Types of Customer Service Level Agreements
Look at these:
Interaction SLAs – when you talk to the customer, look at whether you can understand, respond, and resolve their queries.
Accessibility SLAs – what are the possible ways your customers can reach you at different times of the day – business and non-business hours.
Multi-level SLAs – some queries might be so complex that a first call resolution may not be possible. It may require multiple departments or functions to work together to resolve. That’s when these multi-level SLAs make sense, which can be invoked by the representative handling the query.
How SLA Can Delight Our Customers?
Customers don’t care how complex their query is – they want a resolution. It doesn’t matter how many teams internally will collaborate to provide a solution, and you have to commit to a resolution. Let us assume that you, as a customer service representative, have provided six hours as the resolution time, then six hours it is.
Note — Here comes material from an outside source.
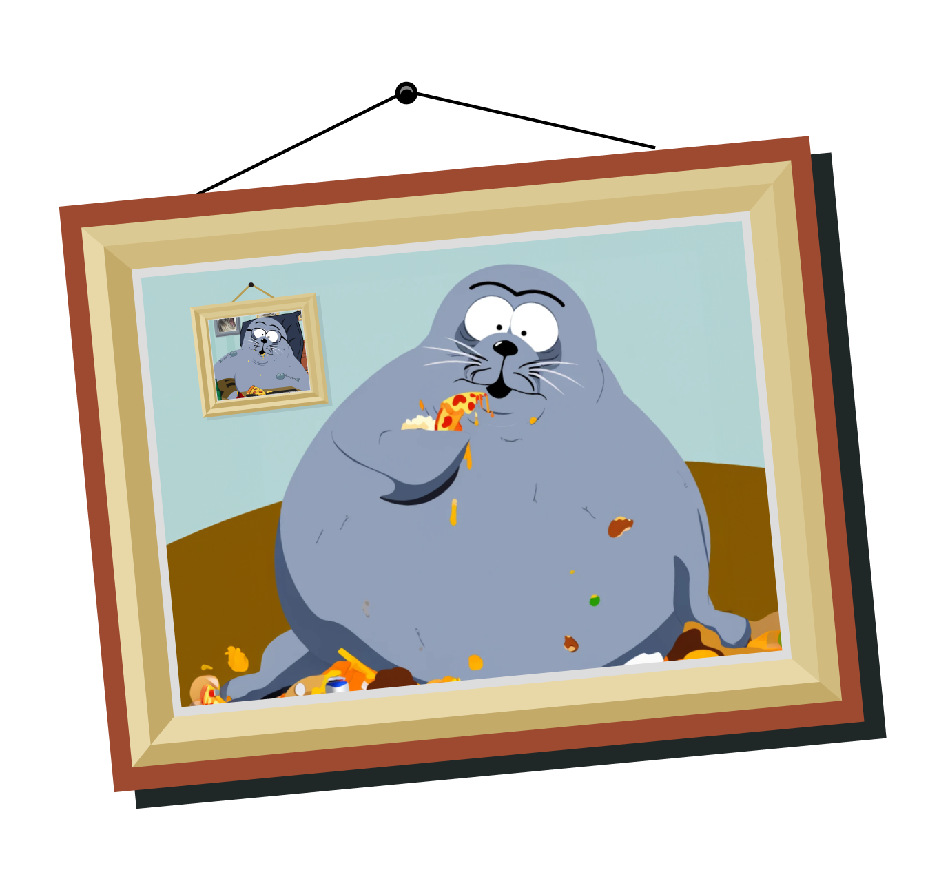 Meet Sealana, the chubby seal who's taken a deep dive into the Solana Sea. Whaled at his PC and growing by the day, Sealana is so absorbed in the degen market that he's abandoned the gorgeous figure of his youth for a trader’s diet of chips and tinned tuna. His obsession with finding the next big Solana meme coin keeps his flippers busy and his living room a big fat mess.

Earlier, resolving an SLA meant a lot of coordination between functions, but today, it is being handled with technology.
Let us look at an example of a multi-brand outlet. They promise an SLA. Say you buy a Television from them, the SLA is that the TV gets delivered within 24 hours, and the installation happens within the next 24 hours. The person delivering the TV is from the supply chain department of the retail outlet, and the person demonstrating and installing the TV is from the service department of the OEM. However, as a multi-brand outlet, you manage this SLA, where you don’t have too much control.
Imagine doing this without the aid of technology.
It is about a combination of technology, integrations, visibility, transparency, empowerment, coordination, and proactive communication that will allow you to manage the complex world of SLAs.